Quote from: TheGrassGuy on February 22, 2021, 07:11:32 AM
Quote from: Dirt Roads on February 21, 2021, 11:22:26 PM
It still amazes me that the New River has become worthy of National Park status.  Back in the 1960s, I remember the gorge still having pockets of working and abandoned coal mines, along with a patchwork of forest clear-cutting.  Soon after the Chesapeake and Ohio Railway was completed at Hawks Nest in 1873, lumbering and coal mining turned the entire gorge into an industrial complex stretching from Hinton down to the Kanawha River, pegged at slightly over 60 miles on the railroad.  By the end of the 19th century, there were a nearly continuous strip of buildings and structures covering almost the entire canyon on both sides.
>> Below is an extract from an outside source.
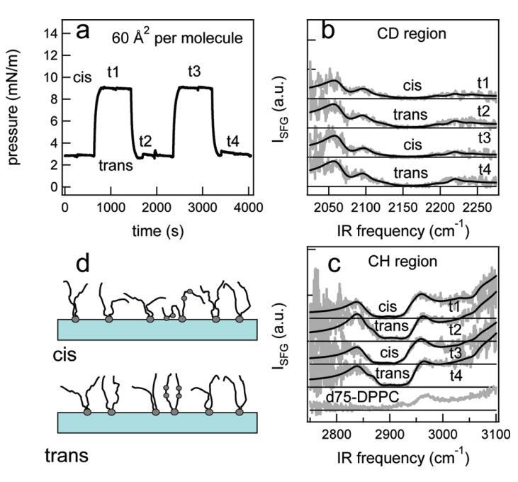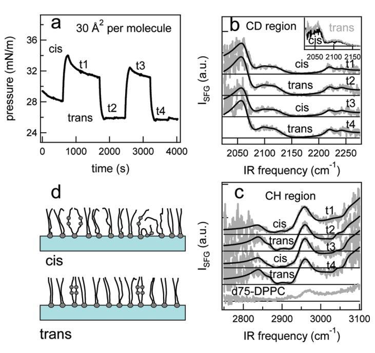 圖7:。結果:對于1:5的DT Azo-5P/d75 DPPC混合物,在脂質/水界面上,每個分子的面積為30?2。(a)表面壓力與時間的關系。370和450 nm光照射~100秒分別產生cis(高壓)和trans(低壓)狀態。壓力的微小劇烈波動是由于樣品高度的變化,以校正水的蒸發。順式狀態下表面壓力的降低可能是由于單層的松弛或膠束或囊泡的形成減少了表面的脂質量。(b)相應的VSFG光譜(灰色)以及CD區域的擬合。為了清晰起見,對光譜進行了偏移。插圖顯示了相互重疊的反式和順式光譜,以強調差異。(c)VSFG光譜(灰色)與fits一起引導眼睛進入CH區域。底部曲線顯示了P下純d75 DPPC的光譜~40 mN/m.(d)脂尾方向示意圖。光開關脂質的偶氮苯部分用灰色圓圈表示。

During the mid-1970s, we spent most of our summers trekking to the New River Gorge Bridge during its construction.  By then, the forest was already beginning to recover.  And when I worked in the gorge during the summer of 1987, there were only a few working coal mines remaining (plus the occasional ghost towns like Kaymoor, Sewell, Nuttallburg and Thurmond).  At that time, there was only one resident living in the gorge north of Meadow Creek.  She was up in her 80's, and the railroaders looked after her well-being until the time of her death.  The forest is incredible today, as it is over much of the state.  But underneath it all is a maze of all sorts of abandoned metal and bricks and concrete thingys.

Why is Gateway Arch a national park?
Because Congress designated it one just a couple of years ago.  Before then, it was a National Memorial.
Please note: All comments here represent my own personal opinion and do not reflect the official position(s) of NYSDOT.

SP Cook

Quote from: TheGrassGuy on February 22, 2021, 07:11:32 AM

Why is Gateway Arch a national park?

It is the "humpty dumpty" line.  It is such because I say it is such.  If it wanted Congress could make a pile of old tires in Nebraska a national park.  But I get where you are going.  Most people when they think of a "national park" (not the dozen other designations under the NPS) think of a seriously unique area of undeveloped natural beauty.  Not something like the Gateway Arch, which is a man-made urban work of monumental art.

Looking at the list, these would be my "why" national parks:

New River Gorge.  The main topic of the thread.  It is, rather typical, piece of Appalachian topography, remarkable only in that it has whitewater (not totally unique) and they built a bridge over it.

Gateway Arch.  As discussed.

Cuyahoga Valley.  See New River Gorge, above.  An ordinary post-industrial rust belt Great Lakes basin river, with some historical stuff.

Dry Tortugas.  Should be a national historic site.

Hot Springs.  More or less a commercial, urban, spa. 

TheGrassGuy

If you ever feel useless, remember that CR 504 exists.

GaryV


kkt

Quote from: GaryV on February 23, 2021, 04:14:14 PM
Quote from: TheGrassGuy on February 23, 2021, 02:56:38 PM
Quote from: SP Cook on February 23, 2021, 12:33:36 PM
"humpty dumpty"

Don't get the reference at all :eyebrow:

Kids these days. Doesn't anyone read Lewis Carroll?


"When I use a word, it means just what I want it to mean.  It's a matter of who is to be the master, that's all."  That's just from memory and probably not exact.